ウイルスなどマルウエア(悪意あるソフトウエア)の感染経路と言えば、メールが中心だったが、最近は家族や友達からのFacebookメッセージにも注意が必要だ。油断をしないよう、大手セキュリティ企業のトレンドマイクロが呼びかけている。
トレンドマイクロが例として挙げるのは、8月に日本で見つかったFacebookの迷惑メッセージだ。
こうした迷惑メッセージは家族や友達などが意図せず送り主になってしまうことが多いため、つい内容を信じてしまう恐れが高くなる。
今回の例では、動画を含むURLを教えてくれるように見えるが、日本語圏でのやりとりなのになぜか英語を使っているのが特徴。
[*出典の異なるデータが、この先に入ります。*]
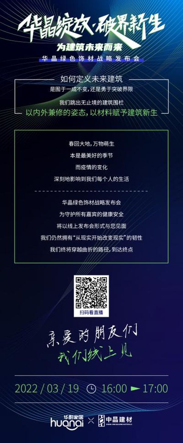 2022年,国内领先的家居服务商华耐家居与中晶建材达成战略合作,成立华晶绿色饰材有限公司。华耐家居作为家居服务企业,始终将成就中国人的美好家居生活作为目标使命;中晶建材作为绿色环保高科技创新型企业 ,深耕建材研发领域,研发出满足多种空间的高品质绿色科技建材产品,两个企业强强联手,优势互补,从产品研发、生产制造、渠道开拓、营销服务等领域深入钻研合作。2022年3月19日,华耐家居X中晶建材,华晶绿色饰材战略发布会将以线上直播形式与大家见面,中晶晶板和华耐晶华板六大系列将璀璨亮相,企业领导、研发专家、行业协会领导、建筑师、以及行业媒体将共同见证这一颠覆时刻,这样的战略合作是行业内合作的新标杆,同时将赋能产业,打造行业高质量发展的创新典范,为产业发展注入新动能。
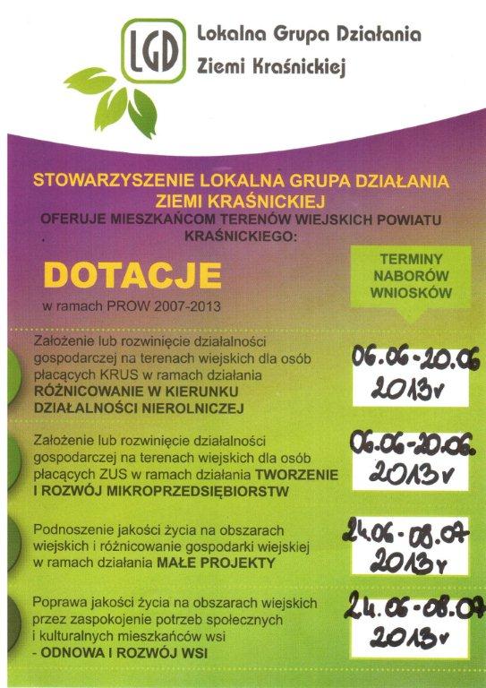 "Wyposażenie świetlicy wiejskiej w Wilkołazie Trzecim" współfinansowanego ze środków Unii Europejskiej w ramach działania 413 "Wdrażanie lokalnych strategii rozwoju" objętego PROW na lata 2007-2013.
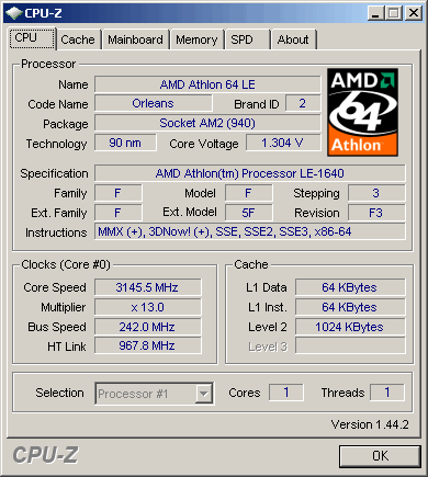 | Процессор (ядро) | AMD Athlon 64 (Orleans) |
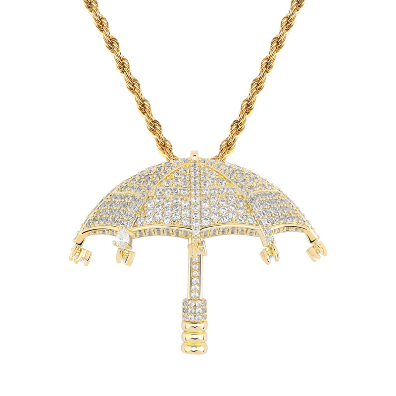 Add a distinctive edge to your jewelry collection with the Hip-Hop Umbrella Pendant, a statement piece that combines hip-hop style with a unique, eye-catching design. Crafted with meticulous attention to detail, this pendant features a miniature umbrella that adds a playful and symbolic touch to any outfit. Made from high-quality materials and available with dazzling stone accents, the Hip-Hop Umbrella Pendant brings a touch of luxury to streetwear fashion, making it an essential accessory for those who love to stand out.

くだんのURLは「bitly.com」で始まっているが、長くてあつかいづらいURLを短縮するツールを使った結果で、タップすると別のURLを開くようになっている。URLを短縮するツールはbitly.comをはじめ「goo.gl」や「kuku.lu」「x.co」などが普及しており、便利な一方、不審なURLをごまかすためサイバー犯罪者が悪用する場合もある。
さてURLを開くと、写真や文書を手軽に共有できるツール「Googleドライブ」があらわれ、動画を偽装したPDFを表示する。
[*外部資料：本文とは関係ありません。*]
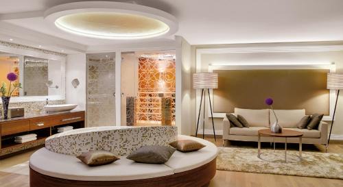 BathroomHairdryer, Private bathroom, Free toiletries, Slippers, Additional bathroom, Conditioner, Body soap, Toilet paper, Toilet, Bathtub or shower, Towels, Shampoo, Guest bathroom, ShowerGeneralIroning facilities, Heating, Hardwood or parquet floors, Trash cans, Safe, Air conditioning, Key card access, Private entrance, Smoke AlarmMedia & TechnologyTV, Cable channels, Flat-screen TV, Radio, Satellite channels, Mobile hotspot device, TelephoneOutdoorsBalconyLiving AreaSofa, Sitting area, DeskBedroomLinens, Wardrobe or closet, Extra long beds (> 6.5 ft)ServicesWake-up serviceAccessibilityUpper floors accessible by elevator, Accessible by elevatorRoom AmenitiesAdapter, Clothes rack, Socket near the bedFood & DrinkBottle of water |
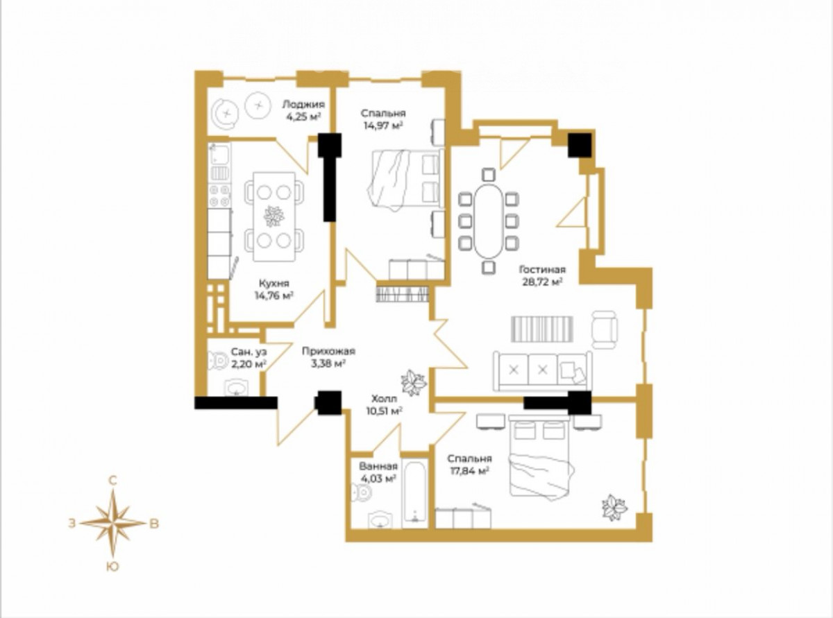 3-room apartment, 103 sq. m
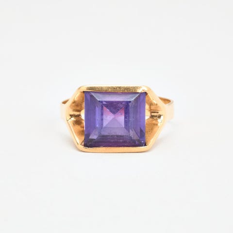 Cocktail ring i 14K guld med en syntetisk safir, str. 54 -

PDFからはさらにYouTubeを装った偽のWebサイトが開くようになっており、そこではWebブラウザー「Chrome」の拡張機能を導入するよう求めてくる。言うなりに拡張機能を追加すると、今度はFacebookのログイン画面が出てくる。

ログインすると、とたんに意図せず家族や友達に迷惑メッセージを送り、拡散に手を貸すかたちになってしまう。
問題のChrome拡張機能は目下、迷惑メッセージをばらまく働きしかしていないが、サイバー犯罪者がその気になれば、遠隔操作によってほかの不正な活動をさせる恐れもある。
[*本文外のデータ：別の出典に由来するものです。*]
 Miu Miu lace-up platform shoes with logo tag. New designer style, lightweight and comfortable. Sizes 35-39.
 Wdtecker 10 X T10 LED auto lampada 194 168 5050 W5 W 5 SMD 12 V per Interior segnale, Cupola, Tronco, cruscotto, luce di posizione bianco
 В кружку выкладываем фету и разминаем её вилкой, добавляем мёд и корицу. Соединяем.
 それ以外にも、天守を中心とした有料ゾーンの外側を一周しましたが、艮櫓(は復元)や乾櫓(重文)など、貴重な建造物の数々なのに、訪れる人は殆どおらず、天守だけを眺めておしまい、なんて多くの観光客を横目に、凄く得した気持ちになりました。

Facebookはすでに一定の対策をとっており、2回目以降にFacebookを開くと問題の拡張機能の削除を求め、ログインを拒否する。そのため何度も繰り返し迷惑メッセージを送ってしまうことにはならない。
またChromeの開発元であるGoogleは、サイバー犯罪者が問題の拡張機能を公開しているのを見つけ次第、誰も導入できないよう措置をとっているが、相手は変名でそれをかいくぐって再び配布するといういたちごっこになっている。
トレンドマイクロでは、被害にあわないための自衛策として、FacebookでURLつきのメッセージを受け取った場合に、安易に開かないよう呼びかけ、送り主に確認をとるよううながしている。確認によって家族や友達に、マルウエアに感染している恐れがあると気づかせる効果もある。
もし、メッセージ記載のURLを開いた場合は、実際に画面にあらわれたURLが怪しいものではないか、確認するのが大切。特にログイン画面などでは確認が必須だ。
さらにChromeに拡張機能を追加するよう要求があったり、PCにソフトウエアのインストールするよう指示があった場合は安易に許可せず、内容を確認すべきだ。
もちろんトレンドマイクロは、自社で開発している、不正なWebサイトを遮断できるセキュリティ製品の導入も勧めている。